Data to examine START

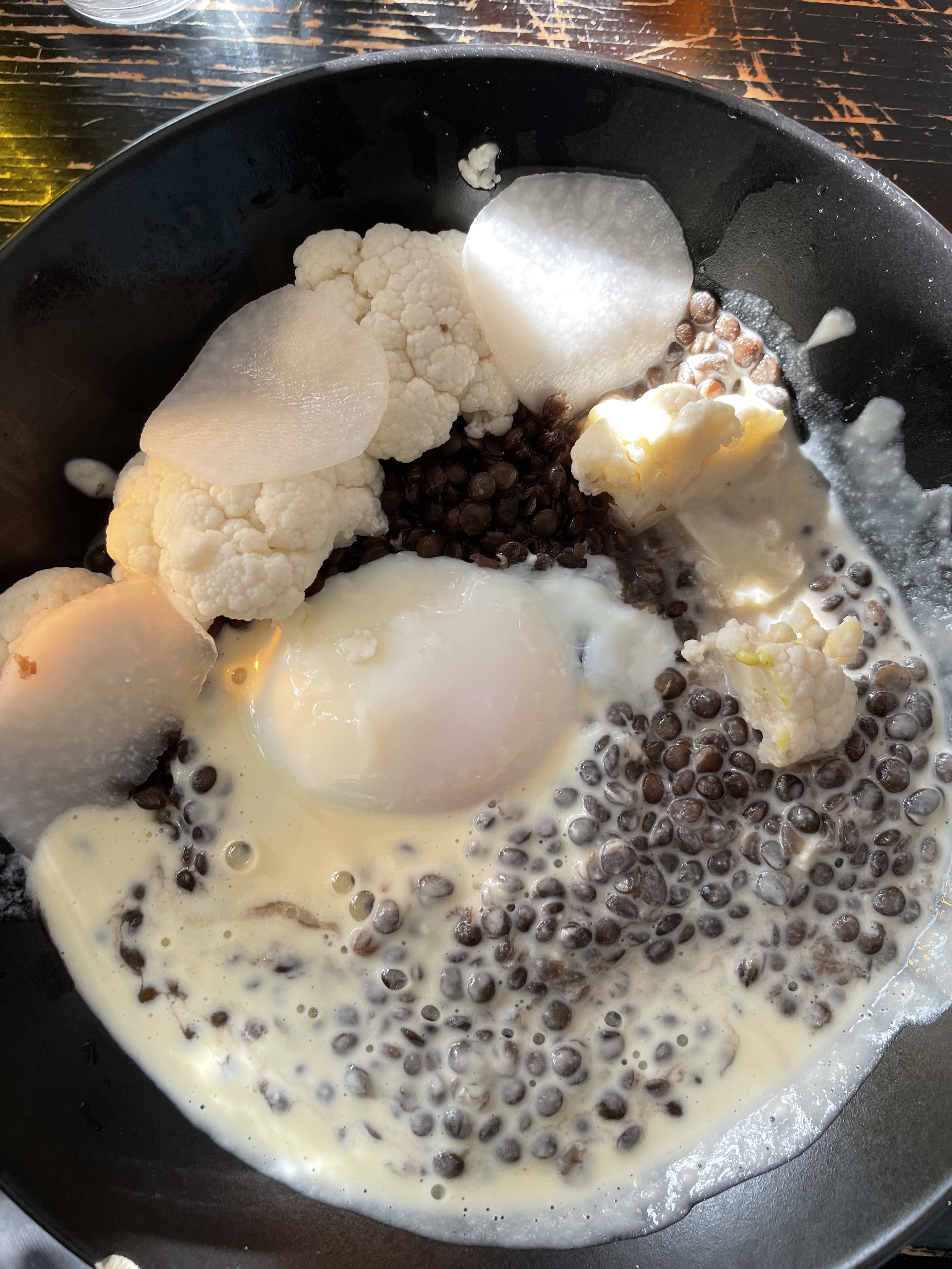Super découverte, bon rapport qualité prix cuisine recherchée, oeuf parfait parfait ! Truite gravlax avec crème de brocolis super bon ! C'est top !
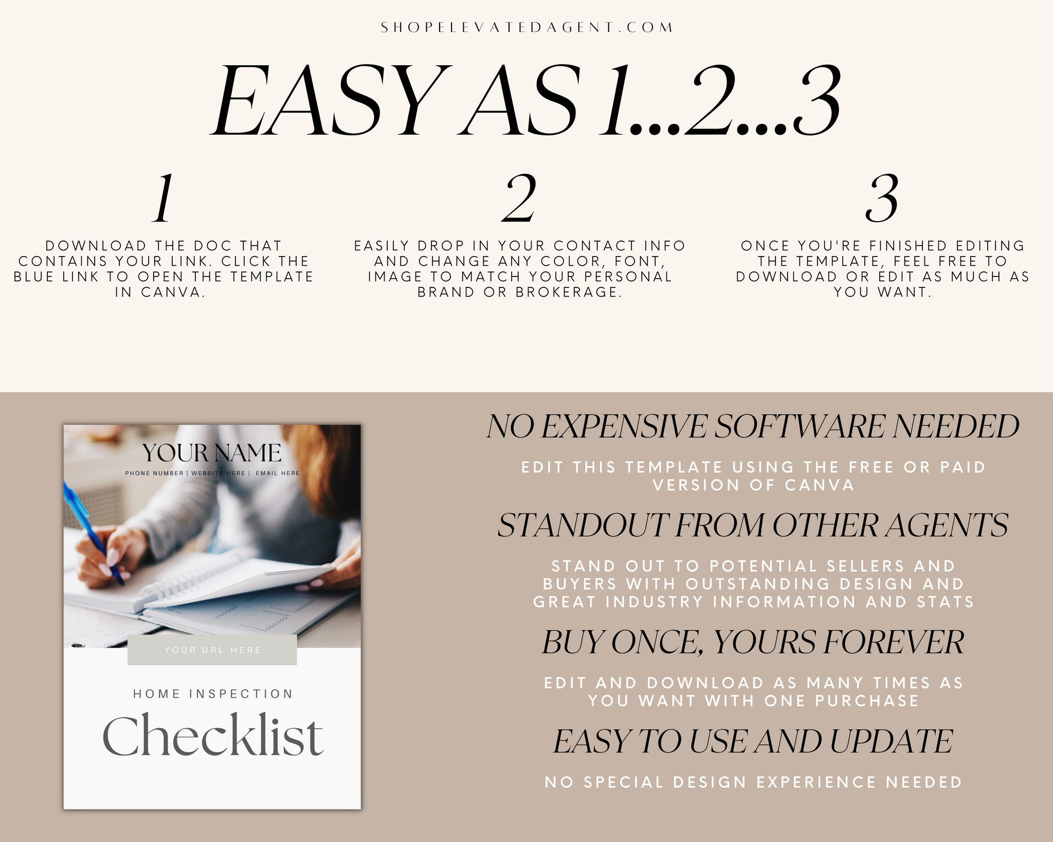 Attention Real Estate Agents! Keep your real estate marketing fresh and updated with this easy-to-use Realtor Canva Template designed by Elevated Agent. We stay on top of real estate marketing trends and produce new content daily.
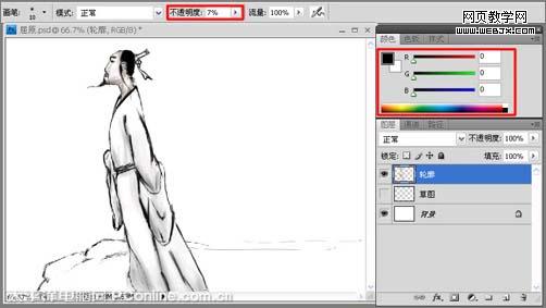 7、調(diào)整設(shè)置前景色rgb值,將畫筆不透明度設(shè)置為7%~9%,利用畫筆涂畫人物臉部顏色,對深色部分進(jìn)行反復(fù)涂抹,前額頭發(fā)進(jìn)行調(diào)整,如圖7所示。
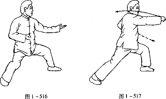 口令3(图1 -513至517) 动作要领同第十四势“掩手肱拳”(面向东南)。要点:1.蹬后的右腿不落地。由于两拳顺缠后收回,带动右腿收回;在收回的过程中,由于两拳左向前、右向后的双翻, 使收回的右腿和独立的左腿稳定下来。要求顶劲上领,气向下沉,垂肩垂肘。2,此势在转身蹬脚之后,转为两手上下翻转地合住劲;合住两手一分,产生开劲;分后两手紧接着上举和两掌上 托,如捧住篮球跃起,并向篮内投球一样,这样可将身体领起来。口令3(图1 -513至517) 动作要领同第十四势“掩手肱拳”(面向东南)。要点:1.蹬后的右腿不落地。由于两拳顺缠后收回,带动右腿收回;在收回的过程中,由于两拳左向前、右向后的双翻, 使收回的右腿和独立的左腿稳定下来。要求顶劲上领,气向下沉,垂肩垂肘。2,此势在转身蹬脚之后,转为两手上下翻转地合住劲;合住两手一分,产生开劲;分后两手紧接着上举和两掌上 托,如捧住篮球跃起,并向篮内投球一样,这样可将身体领起来。图 1 -513图 1 -513图 1 -514图 1 -514图 1-515图 1-515
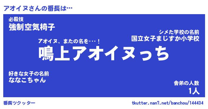 | 意味不明あだ名 | 『ペロリンアオイヌ』『永久保存アオイヌ』 |
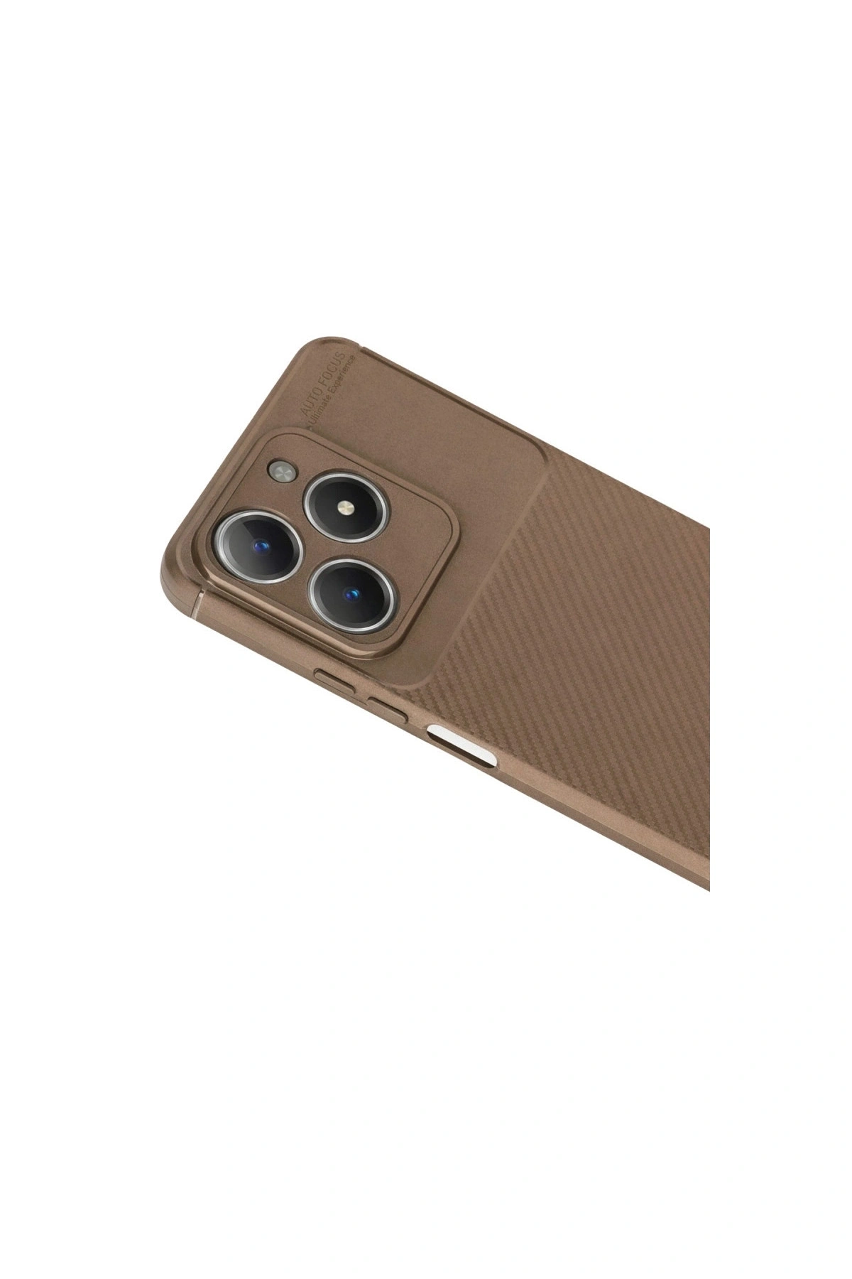 Realme C61 Kılıf Auto Focus Karbon Kapak - Kahverengi
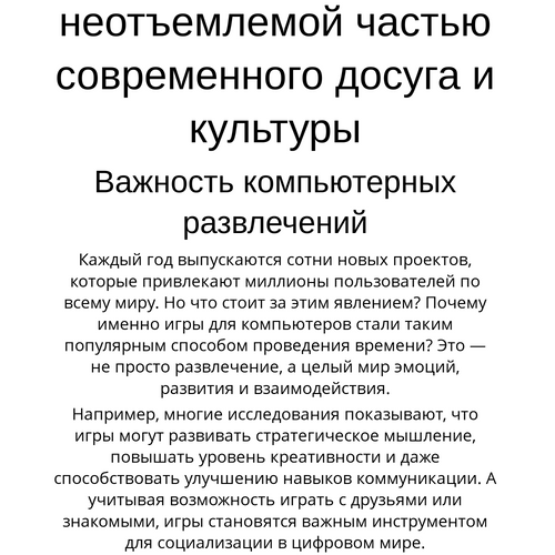 Например, многие исследования показывают, что игры могут развивать стратегическое мышление, повышать уровень креативности и даже способствовать улучшению навыков коммуникации. А учитывая возможность играть с друзьями или знакомыми, игры становятся важным инструментом для социализации в цифровом мире.

Data to examine END

Your task ->
All entries are to be retyped exactly. Omit any embedded images.

Exercise response ->
Super découverte, bon rapport qualité prix cuisine recherchée, oeuf parfait parfait ! Truite gravlax avec crème de brocolis super bon ! C'est top !
 Attention Real Estate Agents! Keep your real estate marketing fresh and updated with this easy-to-use Realtor Canva Template designed by Elevated Agent. We stay on top of real estate marketing trends and produce new content daily.
 7、調(diào)整設(shè)置前景色rgb值,將畫筆不透明度設(shè)置為7%~9%,利用畫筆涂畫人物臉部顏色,對深色部分進(jìn)行反復(fù)涂抹,前額頭發(fā)進(jìn)行調(diào)整,如圖7所示。
 口令3(图1 -513至517) 动作要领同第十四势“掩手肱拳”(面向东南)。要点:1.蹬后的右腿不落地。由于两拳顺缠后收回,带动右腿收回;在收回的过程中,由于两拳左向前、右向后的双翻, 使收回的右腿和独立的左腿稳定下来。要求顶劲上领,气向下沉,垂肩垂肘。2,此势在转身蹬脚之后,转为两手上下翻转地合住劲;合住两手一分,产生开劲;分后两手紧接着上举和两掌上 托,如捧住篮球跃起,并向篮内投球一样,这样可将身体领起来。口令3(图1 -513至517) 动作要领同第十四势“掩手肱拳”(面向东南)。要点:1.蹬后的右腿不落地。由于两拳顺缠后收回,带动右腿收回;在收回的过程中,由于两拳左向前、右向后的双翻, 使收回的右腿和独立的左腿稳定下来。要求顶劲上领,气向下沉,垂肩垂肘。2,此势在转身蹬脚之后,转为两手上下翻转地合住劲;合住两手一分,产生开劲;分后两手紧接着上举和两掌上 托,如捧住篮球跃起,并向篮内投球一样,这样可将身体领起来。图 1 -513图 1 -513图 1 -514图 1 -514图 1-515图 1-515
 | 意味不明あだ名 | 『ペロリンアオイヌ』『永久保存アオイヌ』 |
 Realme C61 Kılıf Auto Focus Karbon Kapak - Kahverengi
 Например, многие исследования показывают, что игры могут развивать стратегическое мышление, повышать уровень креативности и даже способствовать улучшению навыков коммуникации. А учитывая возможность играть с друзьями или знакомыми, игры становятся важным инструментом для социализации в цифровом мире.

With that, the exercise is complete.